A. Like many IRS rules, those surrounding IRA contributions are chock full of “ifs” and “thens.”

Saving in a Roth IRA is a good option for those over 70½ who are not eligible for traditional IRA contributions.

You can make an non-deductible contribution to a Roth IRA up to $5,500, and because you’re over age 50, you can save an additional $1,000 catch-up contribution, said Gail Rosen, a Martinsville-based certified public accountant.

But, she said, this contribution can only be made up to a limit of 100 percent of your earned income. So if you earned less than those limits, you can’t save the max.

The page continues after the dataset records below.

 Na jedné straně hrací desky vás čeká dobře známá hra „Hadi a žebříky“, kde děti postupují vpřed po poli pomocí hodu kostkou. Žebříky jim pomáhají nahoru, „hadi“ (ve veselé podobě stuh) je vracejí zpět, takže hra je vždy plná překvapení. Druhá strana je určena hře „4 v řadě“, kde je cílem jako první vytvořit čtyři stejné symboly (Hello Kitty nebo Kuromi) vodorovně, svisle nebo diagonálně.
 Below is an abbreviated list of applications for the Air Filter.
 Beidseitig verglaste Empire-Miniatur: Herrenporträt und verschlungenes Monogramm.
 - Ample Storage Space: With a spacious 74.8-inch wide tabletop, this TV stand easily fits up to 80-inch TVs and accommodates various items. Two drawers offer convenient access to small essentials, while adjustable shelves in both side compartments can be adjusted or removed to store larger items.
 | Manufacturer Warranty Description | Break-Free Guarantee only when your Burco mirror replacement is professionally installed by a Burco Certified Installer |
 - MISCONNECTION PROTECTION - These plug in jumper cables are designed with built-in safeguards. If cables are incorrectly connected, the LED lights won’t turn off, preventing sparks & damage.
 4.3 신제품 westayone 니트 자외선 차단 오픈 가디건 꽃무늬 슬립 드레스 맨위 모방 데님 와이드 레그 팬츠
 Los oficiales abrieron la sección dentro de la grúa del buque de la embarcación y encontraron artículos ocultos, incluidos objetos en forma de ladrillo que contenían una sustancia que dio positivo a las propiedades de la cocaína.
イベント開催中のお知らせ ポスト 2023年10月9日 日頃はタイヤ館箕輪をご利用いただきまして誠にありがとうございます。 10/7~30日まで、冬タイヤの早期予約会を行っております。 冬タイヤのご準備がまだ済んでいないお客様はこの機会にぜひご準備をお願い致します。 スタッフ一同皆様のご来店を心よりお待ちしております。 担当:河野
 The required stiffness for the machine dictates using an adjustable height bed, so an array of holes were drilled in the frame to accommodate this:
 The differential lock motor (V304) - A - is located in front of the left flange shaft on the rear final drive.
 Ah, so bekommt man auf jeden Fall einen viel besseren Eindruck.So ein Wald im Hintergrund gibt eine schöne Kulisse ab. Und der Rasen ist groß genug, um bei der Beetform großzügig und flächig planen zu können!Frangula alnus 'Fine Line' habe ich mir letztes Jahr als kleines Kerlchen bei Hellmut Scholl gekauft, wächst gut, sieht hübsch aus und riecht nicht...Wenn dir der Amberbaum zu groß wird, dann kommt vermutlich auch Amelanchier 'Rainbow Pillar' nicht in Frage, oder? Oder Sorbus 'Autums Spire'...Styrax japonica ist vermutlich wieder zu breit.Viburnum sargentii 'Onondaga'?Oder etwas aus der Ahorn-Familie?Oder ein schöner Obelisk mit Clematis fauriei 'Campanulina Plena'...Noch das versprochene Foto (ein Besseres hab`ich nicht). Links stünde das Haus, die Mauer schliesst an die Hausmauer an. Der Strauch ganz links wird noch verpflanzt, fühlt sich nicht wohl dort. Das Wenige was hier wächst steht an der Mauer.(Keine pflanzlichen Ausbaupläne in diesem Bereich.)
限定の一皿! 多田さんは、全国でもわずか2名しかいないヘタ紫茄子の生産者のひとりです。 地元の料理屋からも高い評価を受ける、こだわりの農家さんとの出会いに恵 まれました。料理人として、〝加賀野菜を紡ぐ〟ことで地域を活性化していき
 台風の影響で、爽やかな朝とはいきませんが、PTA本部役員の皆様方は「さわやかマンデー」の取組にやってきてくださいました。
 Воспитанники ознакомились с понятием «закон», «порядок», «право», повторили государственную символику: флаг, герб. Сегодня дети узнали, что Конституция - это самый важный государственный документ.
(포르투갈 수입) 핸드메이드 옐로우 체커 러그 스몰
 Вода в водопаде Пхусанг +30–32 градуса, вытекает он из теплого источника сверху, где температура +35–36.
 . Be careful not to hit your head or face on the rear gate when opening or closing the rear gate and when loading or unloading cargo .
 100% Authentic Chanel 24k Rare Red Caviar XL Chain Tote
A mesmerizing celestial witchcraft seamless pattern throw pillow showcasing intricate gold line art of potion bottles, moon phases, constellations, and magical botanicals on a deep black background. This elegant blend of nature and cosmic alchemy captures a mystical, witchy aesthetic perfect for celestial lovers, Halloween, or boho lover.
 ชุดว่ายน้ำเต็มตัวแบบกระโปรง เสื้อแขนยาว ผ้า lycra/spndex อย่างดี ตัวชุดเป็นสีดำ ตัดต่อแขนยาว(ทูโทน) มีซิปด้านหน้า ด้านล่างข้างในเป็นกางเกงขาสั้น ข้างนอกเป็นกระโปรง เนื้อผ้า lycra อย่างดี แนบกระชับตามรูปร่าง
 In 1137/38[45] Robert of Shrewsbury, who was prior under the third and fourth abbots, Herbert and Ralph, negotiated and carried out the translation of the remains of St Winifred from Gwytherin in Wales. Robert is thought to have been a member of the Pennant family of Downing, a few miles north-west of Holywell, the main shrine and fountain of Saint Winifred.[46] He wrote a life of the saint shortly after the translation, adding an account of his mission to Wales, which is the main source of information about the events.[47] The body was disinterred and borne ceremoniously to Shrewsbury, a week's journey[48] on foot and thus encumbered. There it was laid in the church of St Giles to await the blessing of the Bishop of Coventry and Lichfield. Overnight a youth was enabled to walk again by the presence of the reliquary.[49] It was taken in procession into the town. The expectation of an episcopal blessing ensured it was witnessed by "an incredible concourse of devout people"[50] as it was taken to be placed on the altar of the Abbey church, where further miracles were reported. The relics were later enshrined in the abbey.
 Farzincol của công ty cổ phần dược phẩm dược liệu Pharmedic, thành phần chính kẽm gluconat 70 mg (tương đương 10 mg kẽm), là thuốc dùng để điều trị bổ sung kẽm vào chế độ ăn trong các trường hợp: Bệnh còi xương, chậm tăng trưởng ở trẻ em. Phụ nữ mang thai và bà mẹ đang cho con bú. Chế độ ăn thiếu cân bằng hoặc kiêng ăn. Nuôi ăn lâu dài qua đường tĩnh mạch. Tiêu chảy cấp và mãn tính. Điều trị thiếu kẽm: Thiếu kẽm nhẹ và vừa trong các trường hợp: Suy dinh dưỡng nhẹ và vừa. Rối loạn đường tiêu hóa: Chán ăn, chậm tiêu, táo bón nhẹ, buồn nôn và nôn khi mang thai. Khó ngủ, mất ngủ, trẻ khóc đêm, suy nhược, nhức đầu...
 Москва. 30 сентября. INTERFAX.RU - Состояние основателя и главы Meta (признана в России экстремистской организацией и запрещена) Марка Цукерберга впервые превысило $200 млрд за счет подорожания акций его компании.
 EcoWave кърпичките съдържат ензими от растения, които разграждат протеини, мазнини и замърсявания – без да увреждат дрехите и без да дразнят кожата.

The big question for you: What is your earned income?

“You say that your income per your 1099 is approximately $10,000,” Rosen said. “Your earned income is your net income, which is your gross income — the $10,000 — less all allowable deductible expenses.”

But if you have other income, you’re going to need to consider that when deciding if you can contribute to a Roth.

Rosen said the allowable IRA limits, including for Roth IRAs, phase out ratably, in $10 increments, if your income is over the following levels of modified adjusted gross income:

• For joint taxpayers: $183,000 to $193,000
• For married filing separately: $0 to $10,000
• For single taxpayers and head of housed: $116,000 to $131,000

If you earn more, you can’t make a Roth contribution.

To the tax-free part of your question, so-called qualified distributions from a Roth IRA are not taxed at all.

The first rule is that you must be older than over 59 1/2 when you take out the money, and you’re there already.

The second way for a distribution to be considered qualified is if it’s within the five-year period beginning with the first tax year you made a contribution to a Roth IRA.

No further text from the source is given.